Information —
-*-
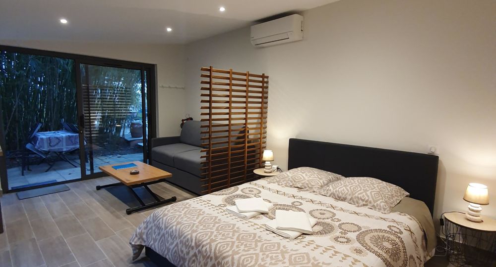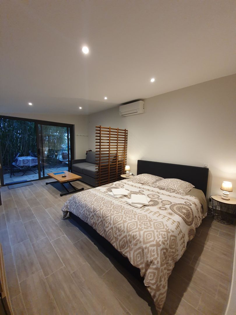 Votre espace privé • Surface : 24 m² bien agencés. • Aménagement : pièce principale accueillant un coin nuit, un coin jour convivial avec canapé hôtelier, et une kitchenette équipée. Salle d’eau privative. • Extérieur privatif : profitez d’une terrasse privée avec salon de jardin, nichée au cœur de la bambouseraie, offrant fraîcheur et intimité. Un accès arrière avec transats est également disponible. • Localisation : entrée principale située à proximité immédiate de la piscine. • Équipements du gîte • Couchage : 1 lit double queen size (160 x 200) et un canapé hôtelier convertible (140 x 190) pouvant accueillir jusqu’à deux personnes supplémentaires (supplément applicable). • Climatisation réversible et TV. • Kitchenette : micro-ondes grill, plaque à induction, cafetière à dosettes souples et frigo top.
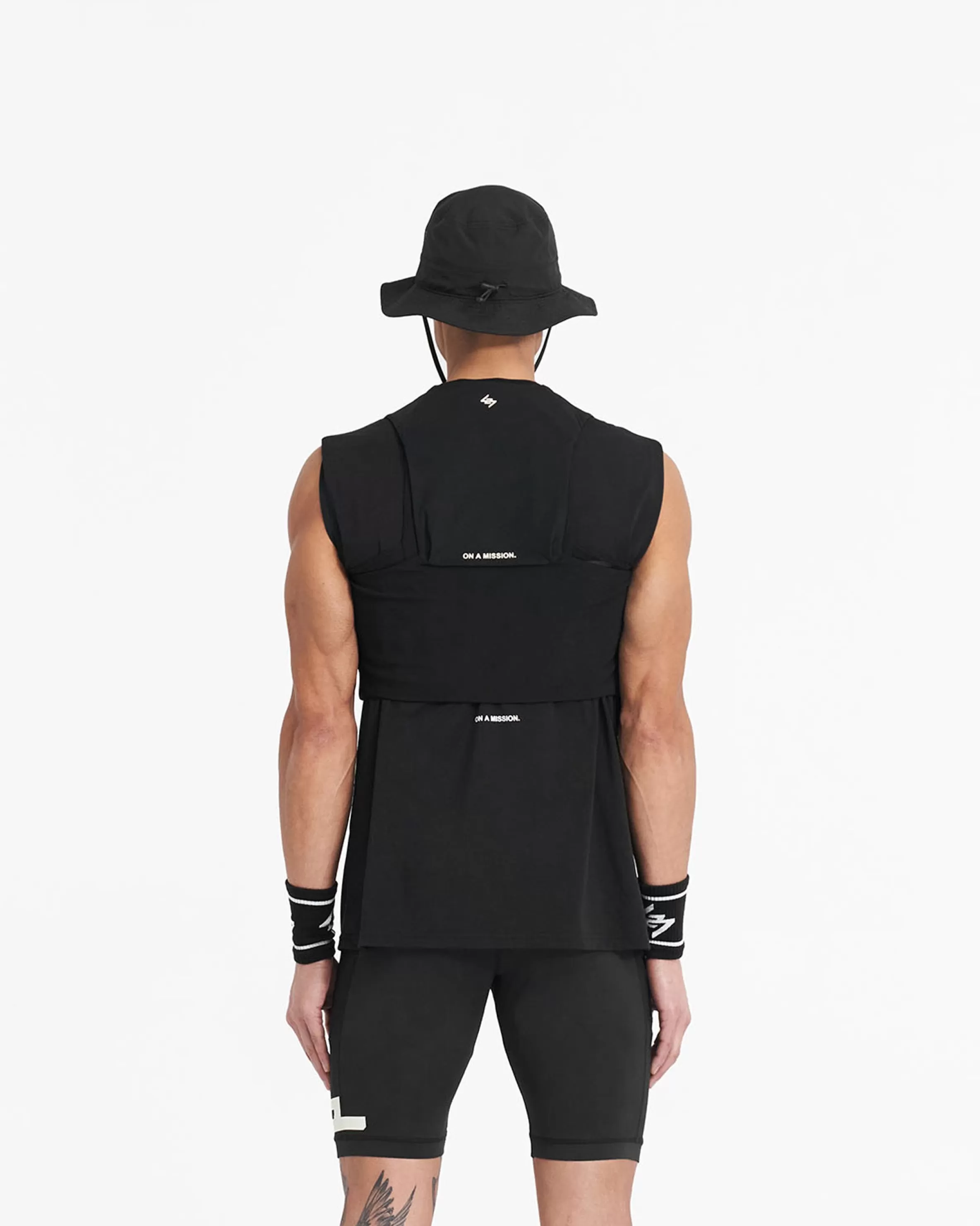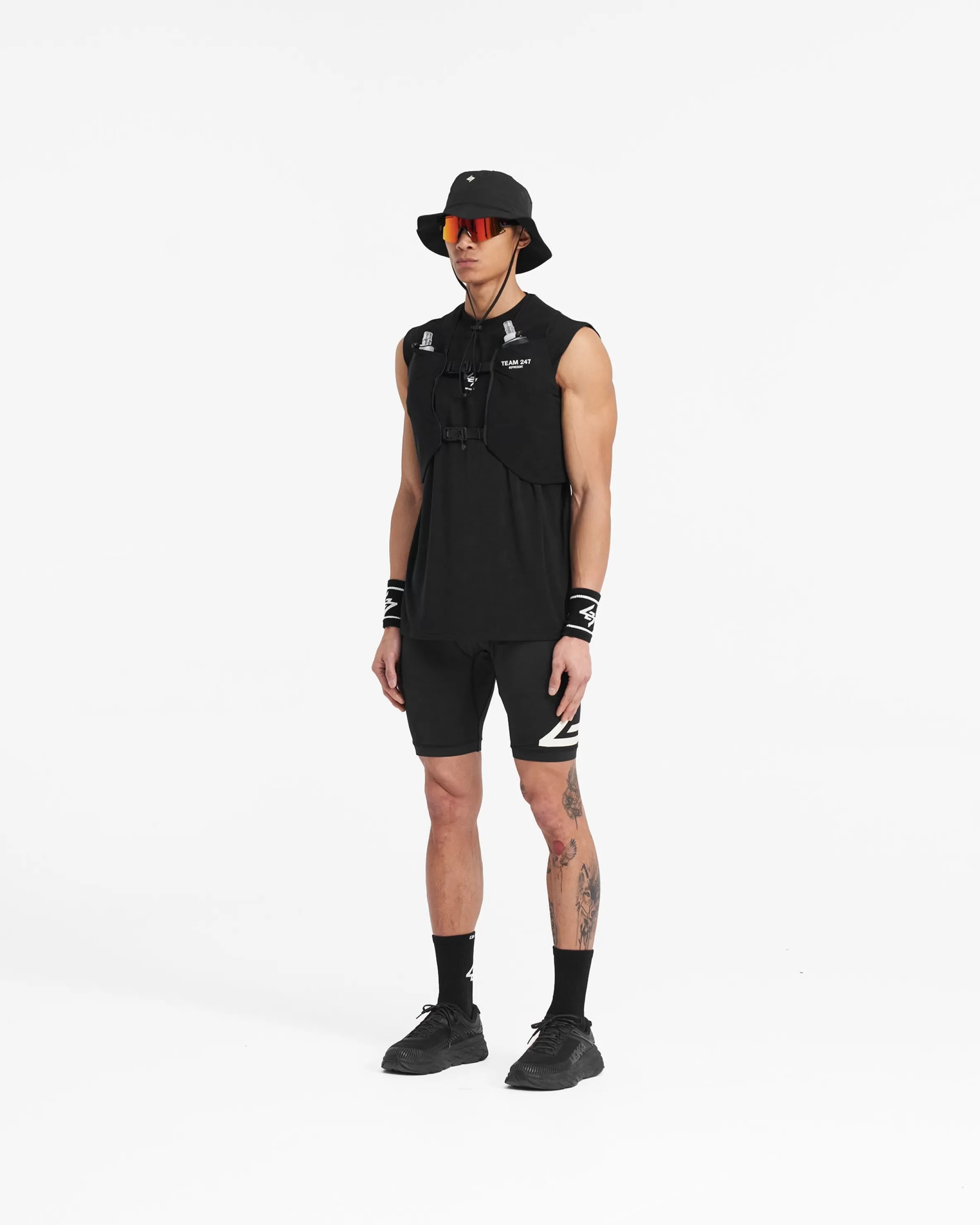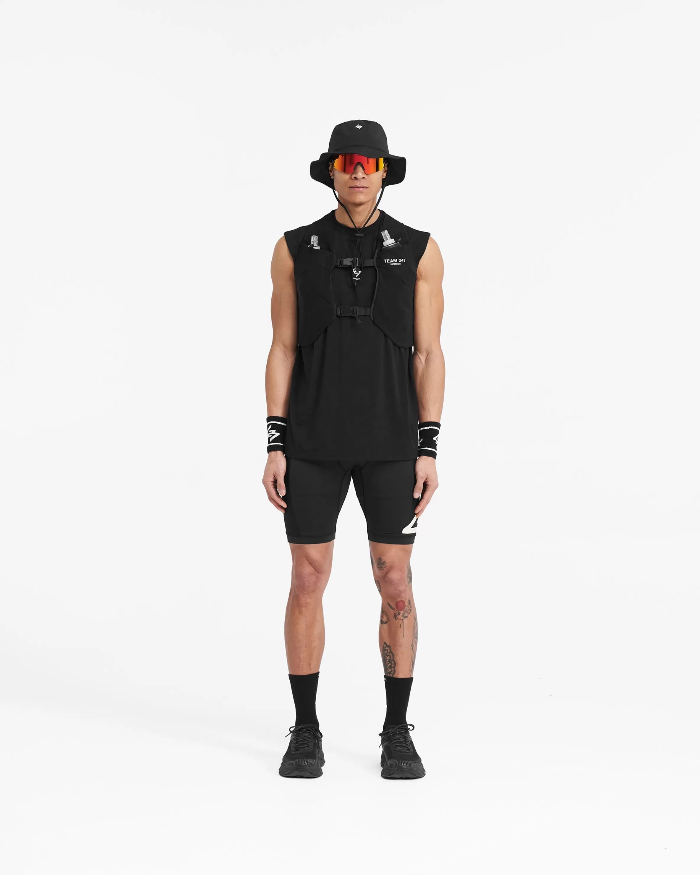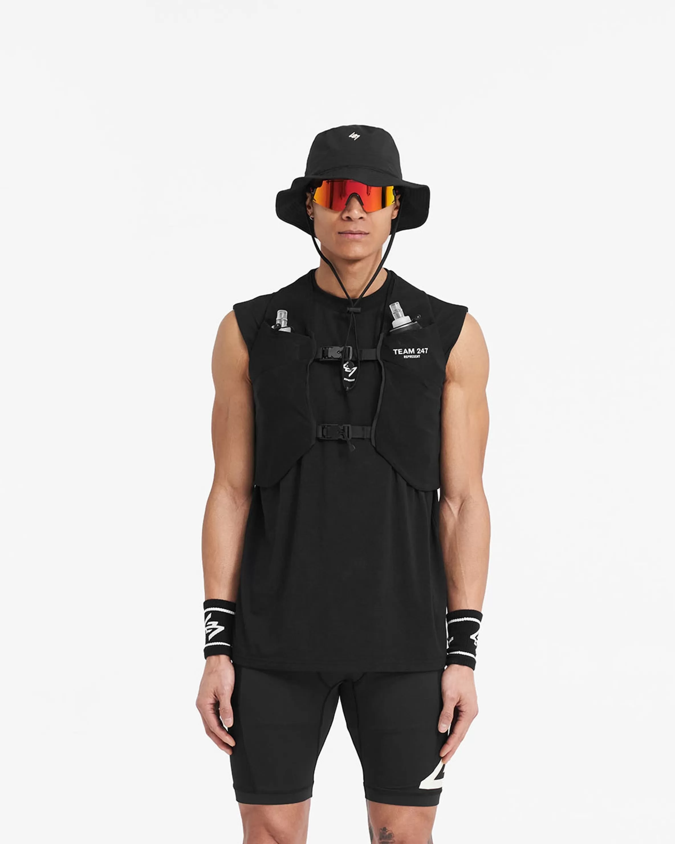 Introducing the 247 Chest Rig in Black, the ultimate workout companion for every walk, run, hike or trail. The Black Chest Rig is crafted from a mesh outer with an internal spacer mesh with padding for exceptional comfort. The 247 Chest Rig features magnetic buckles to the centre front of the chest for easy (un)fastening, multiple stretch power mesh pockets for securing gels, bottles and intra-workout snacks, with bungee cords to the top pockets to secure the 2x500ml provided branded water bottles. Both bottles are equipped with a bite valve for convenience. The rig also has a small zip pocket internally to store valuables. A rear pouch is also integrated into the back of the rig to hold a hydration pack (not included). It is finished with Team 247 branding to the front, and a 247 logo with On A Mission branding to the back. We recommend the 247 Chest Rig for all extended trail or road runs. Black Chest Rig Mesh Outer Internal Spacer Mesh Magnetic Buckles 2 Branded TPU Water Bottles Included (500ml each) Multiple Pockets – Open, Zip u0026amp; Bungee Cord Hydration Pack Pouch (Pack not Included) Composition: 100% PolyesterProduct
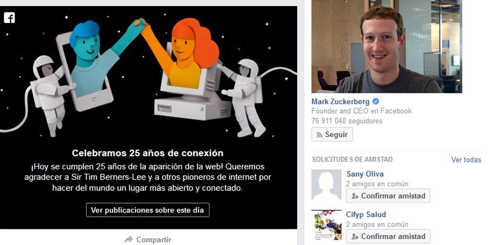 "Celebramos 25 años de conexión ¡Hoy se cumplen 25 años de la aparición de la web! Queremos agradecer a Sir Tim Berners-Lee y a otros pioneros de internet por hacer del mundo un lugar más abierto y conectado", se puede leer.
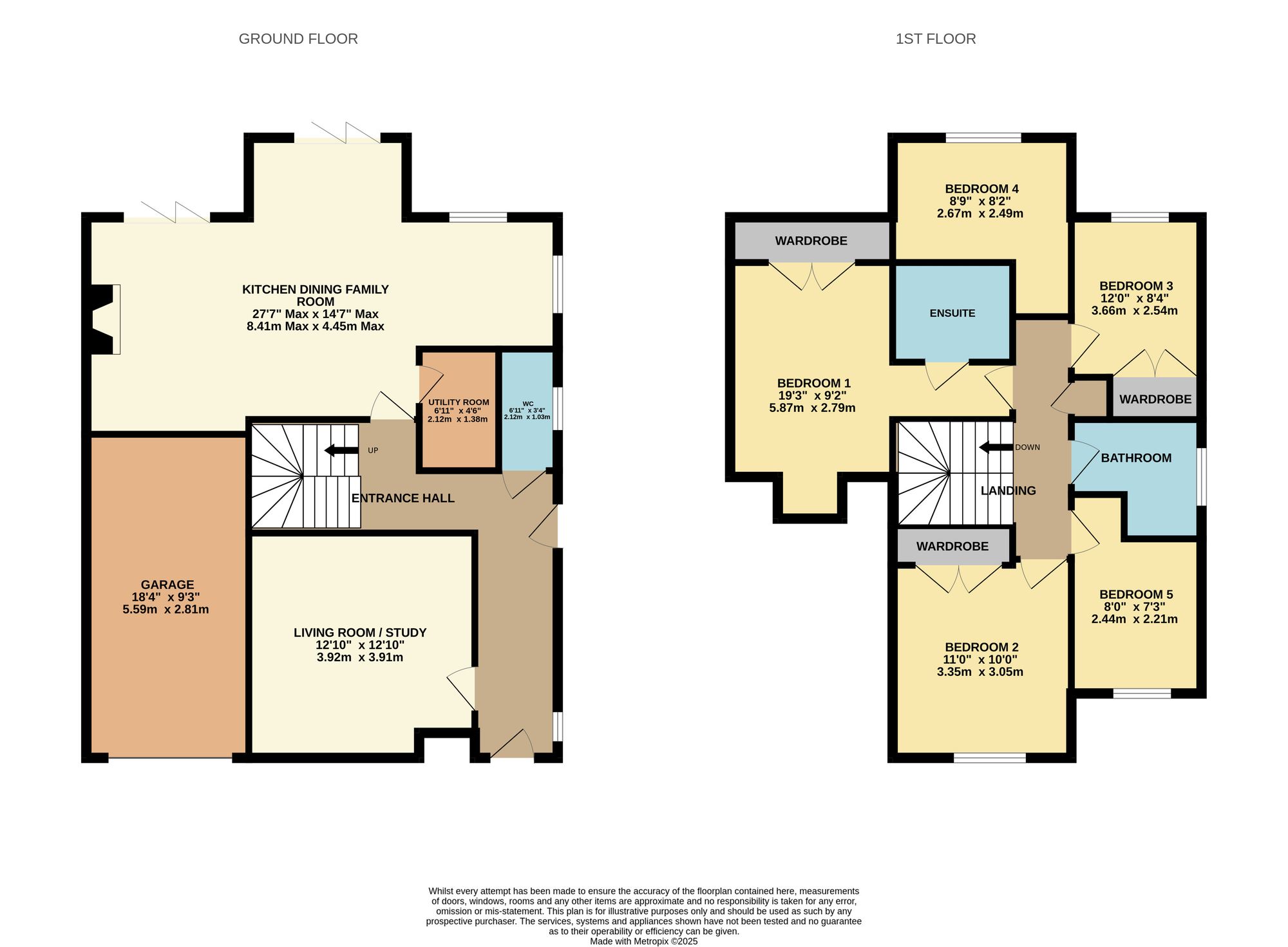 The first floor landing leads to all bedrooms and a well appointed family bathroom. The impressive 19ft master bedroom has fitted wardrobes and a modern en-suite shower room, bedrooms two and three are also good size double rooms and again benefit from fitted wardrobes. The fourth and fifth bedrooms are nicely sized and well-presented single rooms. The four piece family bathroom suite has a panel enclosed bath, enclosed shower cubicle, WC, vanity wash hand basin and heated towel rail.
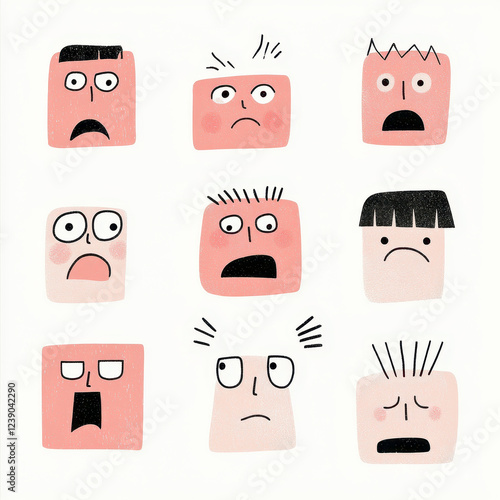 Grid of pink cartoon faces displaying diverse emotional expressions
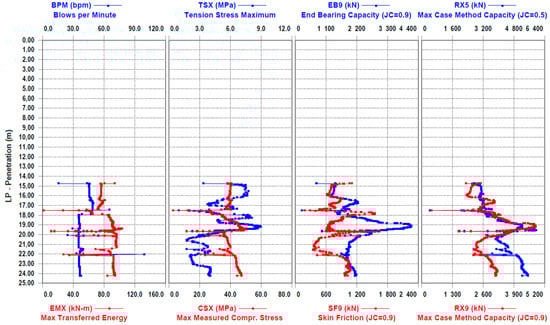 Graphic results of driving precast concrete joint piles using the PDA method, TR-02; depth from 14.75 m to 26.25 m.
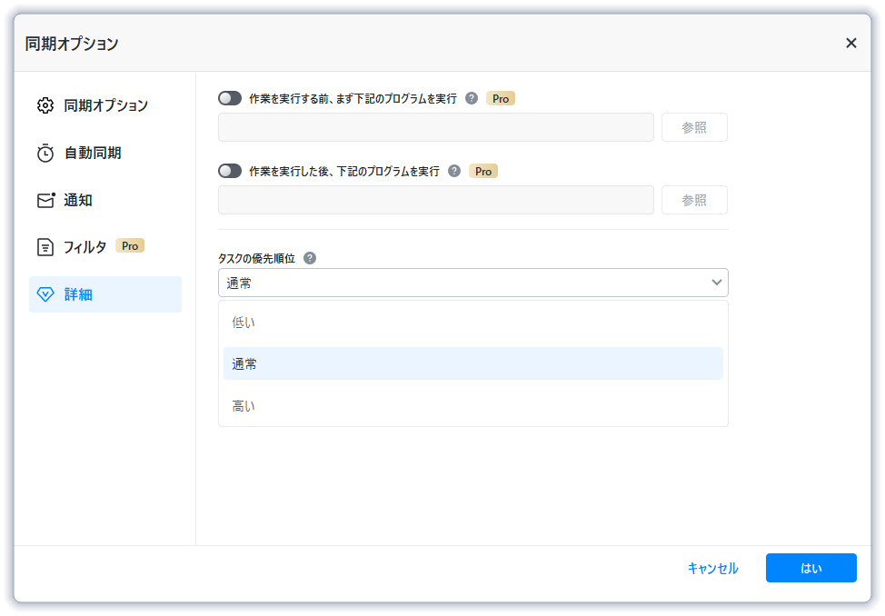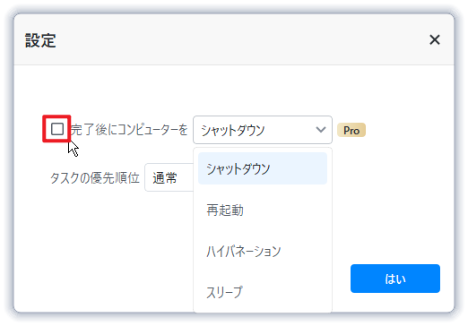 同期実行中は進行状況を確認できます。また、画面左下の「設定」をクリックすると、同期完了後にコンピューターをシャットダウン/再起動/ハイバネーション(休止)/スリープに設定できます(有料機能)。同期が完了するまでお待ちいただき、その後「はい」ボタンをクリックしてください。
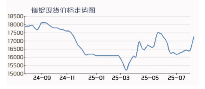 据市场资讯统计,当前镁锭报价成本线大约在17000元以上。2025年上半年最低1.5万多在行情彻底击穿17,000–17,500元/吨的行业成本线,镁价跌破1.6万元/吨(现金成本线),部分高成本区域(如山西、宁夏)吨亏损扩大至800–1,000元以上,仅有宝武镁业可以做到吨成本1.5万这一行业最低水平。
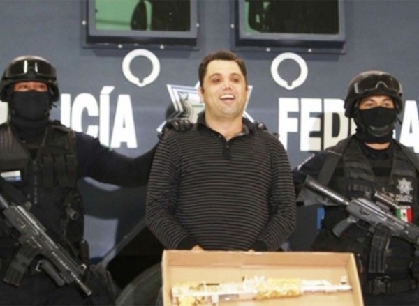Pozos was detained in Metepec in the State of Mexico on Tuesday, in possession of a gold-plated AK-47. He smiled maniacally and gave two thumbs up when presented to the media the following day.
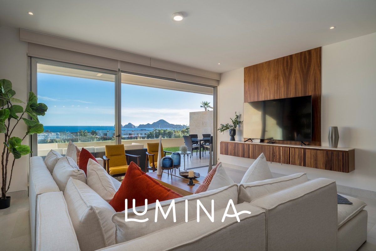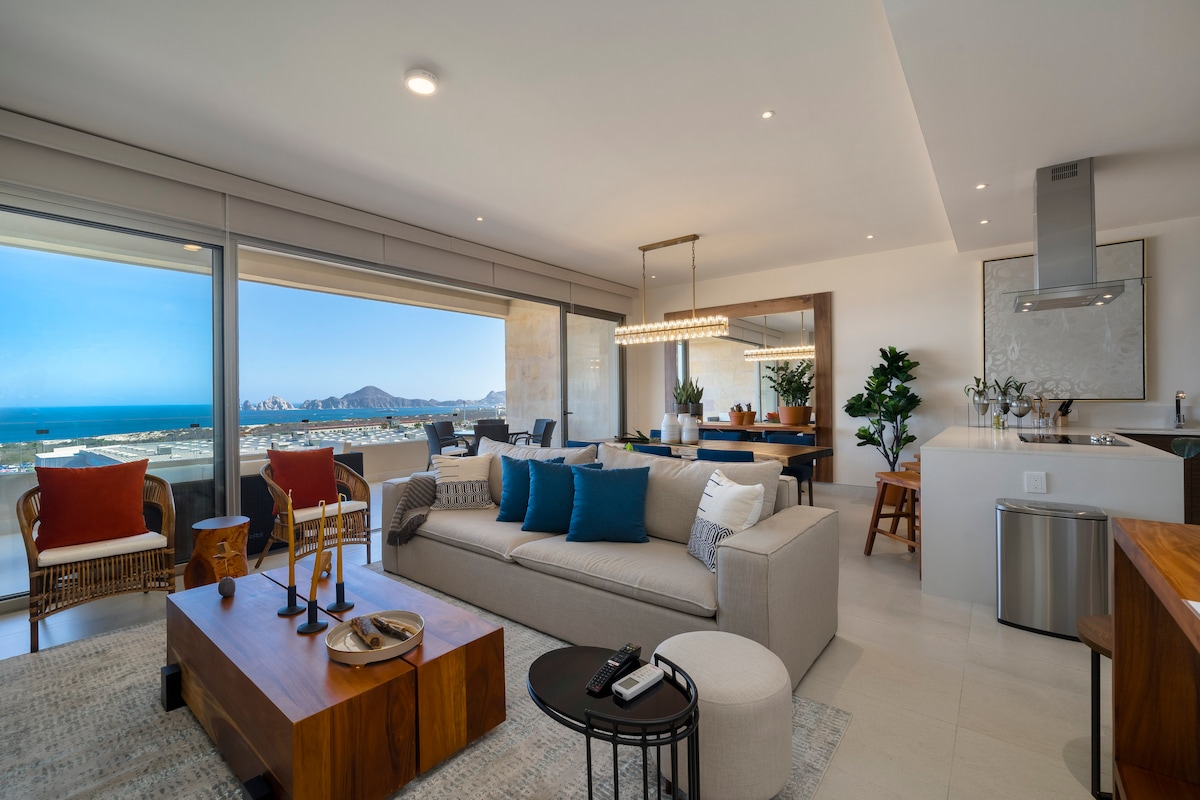 - Sweeping bay and Arch views from your private wraparound terrace: perfect for morning coffee or sunset cocktails. - Tennis courts, climate-controlled pool, and fully-equipped gym. - Two spacious bedrooms sleep 6 comfortably with a dedicated workspace, full kitchen, and in-unit washer/dryer. - Walk 5 min to Costco and Soriana for easy grocery runs or visit the marina restaurants and nightlife. - Reserve now for a serene retreat with all comforts and a welcoming host!
-*-
What the task asks — Except for the pictures, the whole listing above should be transcribed exactly.

Result —
 Votre espace privé • Surface : 24 m² bien agencés. • Aménagement : pièce principale accueillant un coin nuit, un coin jour convivial avec canapé hôtelier, et une kitchenette équipée. Salle d’eau privative. • Extérieur privatif : profitez d’une terrasse privée avec salon de jardin, nichée au cœur de la bambouseraie, offrant fraîcheur et intimité. Un accès arrière avec transats est également disponible. • Localisation : entrée principale située à proximité immédiate de la piscine. • Équipements du gîte • Couchage : 1 lit double queen size (160 x 200) et un canapé hôtelier convertible (140 x 190) pouvant accueillir jusqu’à deux personnes supplémentaires (supplément applicable). • Climatisation réversible et TV. • Kitchenette : micro-ondes grill, plaque à induction, cafetière à dosettes souples et frigo top.
 Introducing the 247 Chest Rig in Black, the ultimate workout companion for every walk, run, hike or trail. The Black Chest Rig is crafted from a mesh outer with an internal spacer mesh with padding for exceptional comfort. The 247 Chest Rig features magnetic buckles to the centre front of the chest for easy (un)fastening, multiple stretch power mesh pockets for securing gels, bottles and intra-workout snacks, with bungee cords to the top pockets to secure the 2x500ml provided branded water bottles. Both bottles are equipped with a bite valve for convenience. The rig also has a small zip pocket internally to store valuables. A rear pouch is also integrated into the back of the rig to hold a hydration pack (not included). It is finished with Team 247 branding to the front, and a 247 logo with On A Mission branding to the back. We recommend the 247 Chest Rig for all extended trail or road runs. Black Chest Rig Mesh Outer Internal Spacer Mesh Magnetic Buckles 2 Branded TPU Water Bottles Included (500ml each) Multiple Pockets – Open, Zip u0026amp; Bungee Cord Hydration Pack Pouch (Pack not Included) Composition: 100% PolyesterProduct
 "Celebramos 25 años de conexión ¡Hoy se cumplen 25 años de la aparición de la web! Queremos agradecer a Sir Tim Berners-Lee y a otros pioneros de internet por hacer del mundo un lugar más abierto y conectado", se puede leer.
 The first floor landing leads to all bedrooms and a well appointed family bathroom. The impressive 19ft master bedroom has fitted wardrobes and a modern en-suite shower room, bedrooms two and three are also good size double rooms and again benefit from fitted wardrobes. The fourth and fifth bedrooms are nicely sized and well-presented single rooms. The four piece family bathroom suite has a panel enclosed bath, enclosed shower cubicle, WC, vanity wash hand basin and heated towel rail.
 Grid of pink cartoon faces displaying diverse emotional expressions
 Graphic results of driving precast concrete joint piles using the PDA method, TR-02; depth from 14.75 m to 26.25 m.
 同期実行中は進行状況を確認できます。また、画面左下の「設定」をクリックすると、同期完了後にコンピューターをシャットダウン/再起動/ハイバネーション(休止)/スリープに設定できます(有料機能)。同期が完了するまでお待ちいただき、その後「はい」ボタンをクリックしてください。
 据市场资讯统计,当前镁锭报价成本线大约在17000元以上。2025年上半年最低1.5万多在行情彻底击穿17,000–17,500元/吨的行业成本线,镁价跌破1.6万元/吨(现金成本线),部分高成本区域(如山西、宁夏)吨亏损扩大至800–1,000元以上,仅有宝武镁业可以做到吨成本1.5万这一行业最低水平。
Pozos was detained in Metepec in the State of Mexico on Tuesday, in possession of a gold-plated AK-47. He smiled maniacally and gave two thumbs up when presented to the media the following day.
 - Sweeping bay and Arch views from your private wraparound terrace: perfect for morning coffee or sunset cocktails. - Tennis courts, climate-controlled pool, and fully-equipped gym. - Two spacious bedrooms sleep 6 comfortably with a dedicated workspace, full kitchen, and in-unit washer/dryer. - Walk 5 min to Costco and Soriana for easy grocery runs or visit the marina restaurants and nightlife. - Reserve now for a serene retreat with all comforts and a welcoming host!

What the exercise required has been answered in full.